Arrests: School Closing Protest By Chicago Teachers Union Clashes With Rahm Emanuel

CTU Protesters Opposed To Emanuel School Closings Arrested At City Hall
Alvin James reads an update on his phone from the union while teachers picket outside Morgan Park High School in Chicago, Tuesday, Sept. 18, 2012, as a strike by the Chicago Teachers Union continues into its second week. CTU members in the nation's third-largest city will pore over the details of a contract settlement Tuesday as the clock ticks down to an afternoon meeting in which they are expected to vote on ending a seven-day strike that has kept 350,000 students out of class. (AP Photo/M. Spencer Green)
Alvin James reads an update on his phone from the union while teachers picket outside Morgan Park High School in Chicago, Tuesday, Sept. 18, 2012, as a strike by the Chicago Teachers Union continues into its second week. CTU members in the nation's third-largest city will pore over the details of a contract settlement Tuesday as the clock ticks down to an afternoon meeting in which they are expected to vote on ending a seven-day strike that has kept 350,000 students out of class. (AP Photo/M. Spencer Green)

Members of the Chicago Teachers Union made good on their plans to protest Rahm Emanuel's office over proposed Chicago Pubic School closings Friday evening, landing several protesters in jail after they refused to leave the fifth floor of City Hall outside the mayor's office.

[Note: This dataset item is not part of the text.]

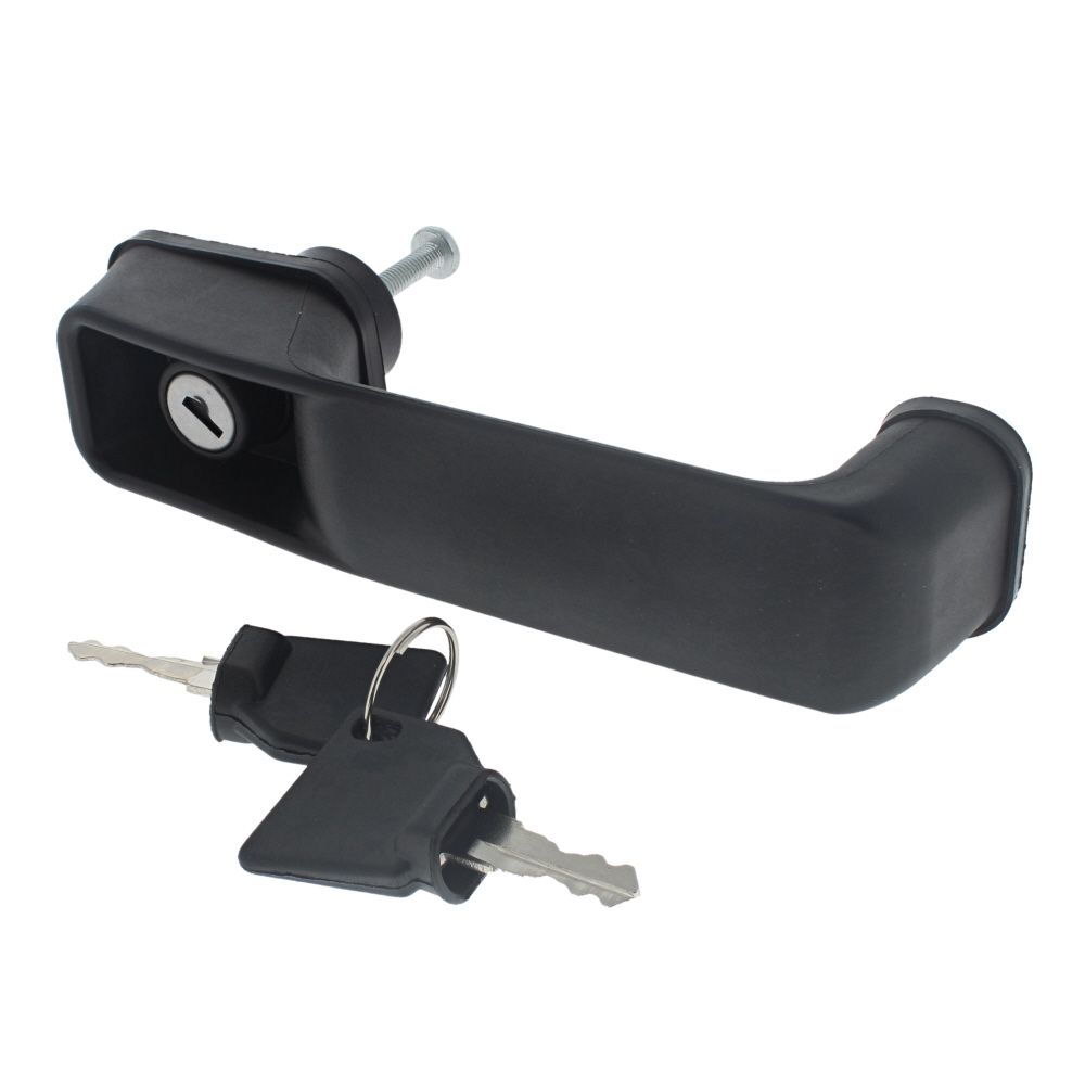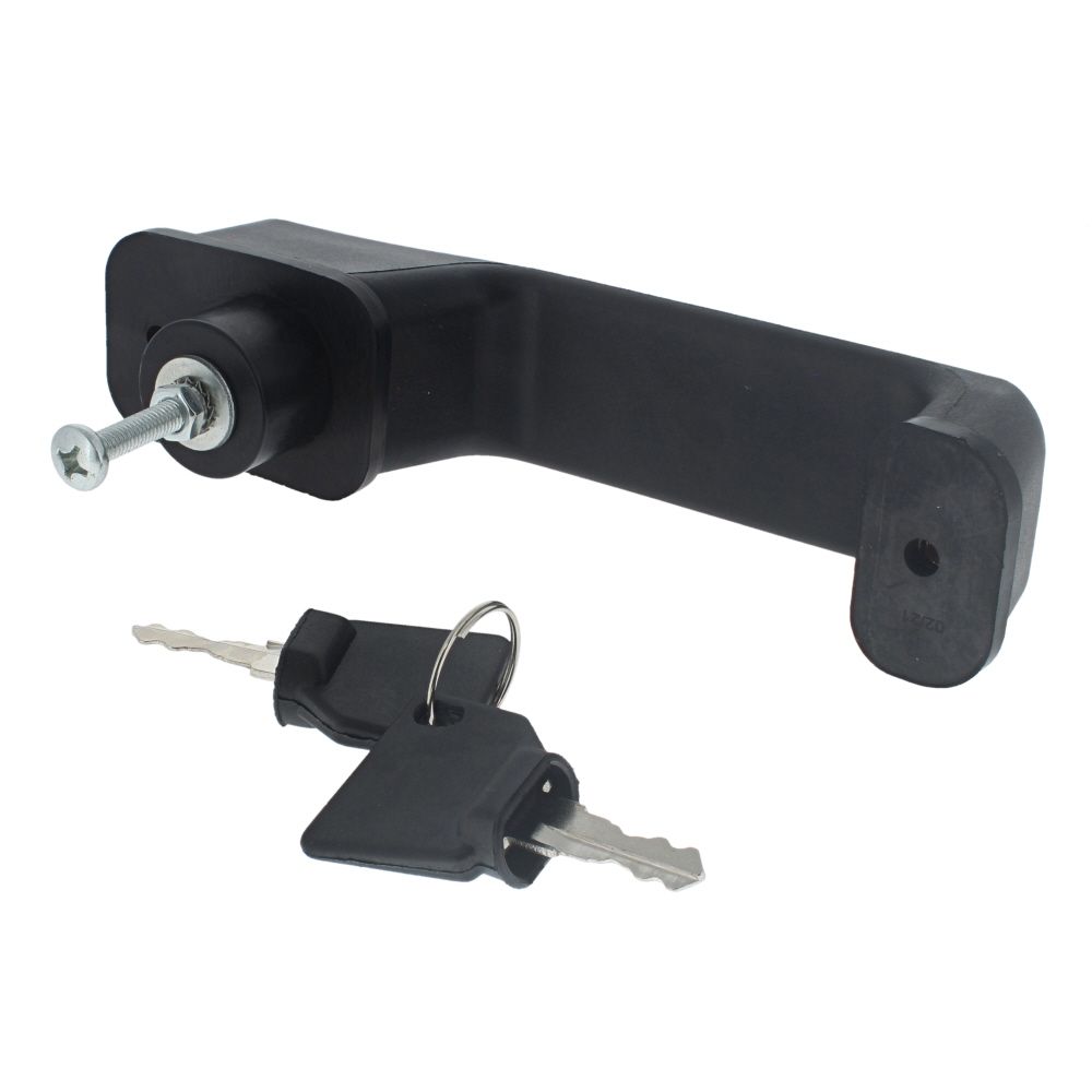 The Door Handle for JCB machines is a durable, black exterior cab handle designed to restore smooth, secure access to your loader or excavator. Built with a hard‐wearing polymer body and metal latch components, it stands up to mud, weather, and day‐to‐day site use. This Non Genuine Part replaces OEM part number 123/04067 and is suitable for popular models such as the JCB 3CX 14H5NA and 3CX 14L5NA. It offers a reliable fit and a comfortable grip, helping to keep the operator's door operating cleanly and consistently. Ideal for routine maintenance or replacing a worn or broken handle, it provides a practical, cost‐effective way to maintain cabin access and machine uptime without compromising on reliability.

Chicago Teachers Union Vice-President Jesse Sharkey said police arrested 10 people at about 10 p.m. Friday, the Sun-Times reports.

Reuters said more than 200 people came to protest or stage a nearby sit-in as teachers union members, parents of Chicago school students and other activists rallied against the school closings.

Chants to the mayor's office ranged from an creative "Hey Rahm, we’re no fool, you will not close our schools,” to a succinct “We here, Rahm!” said the Sun-Times.

CPS has a Dec. 1 deadline to offer up a list of schools for the chopping block, and early Friday, CPS CEO Barbara Byrd-Bennett announced she would seek an extension the deadline. The teachers union, meanwhile, said it wanted to quash school closings altogether rather than simply delay the decision.

"We have called for a moratorium on all school actions until we have an analysis of the devastating impact these actions have on our students and neighborhoods," said Chicago Teachers Union President Karen Lewis in a statement Friday.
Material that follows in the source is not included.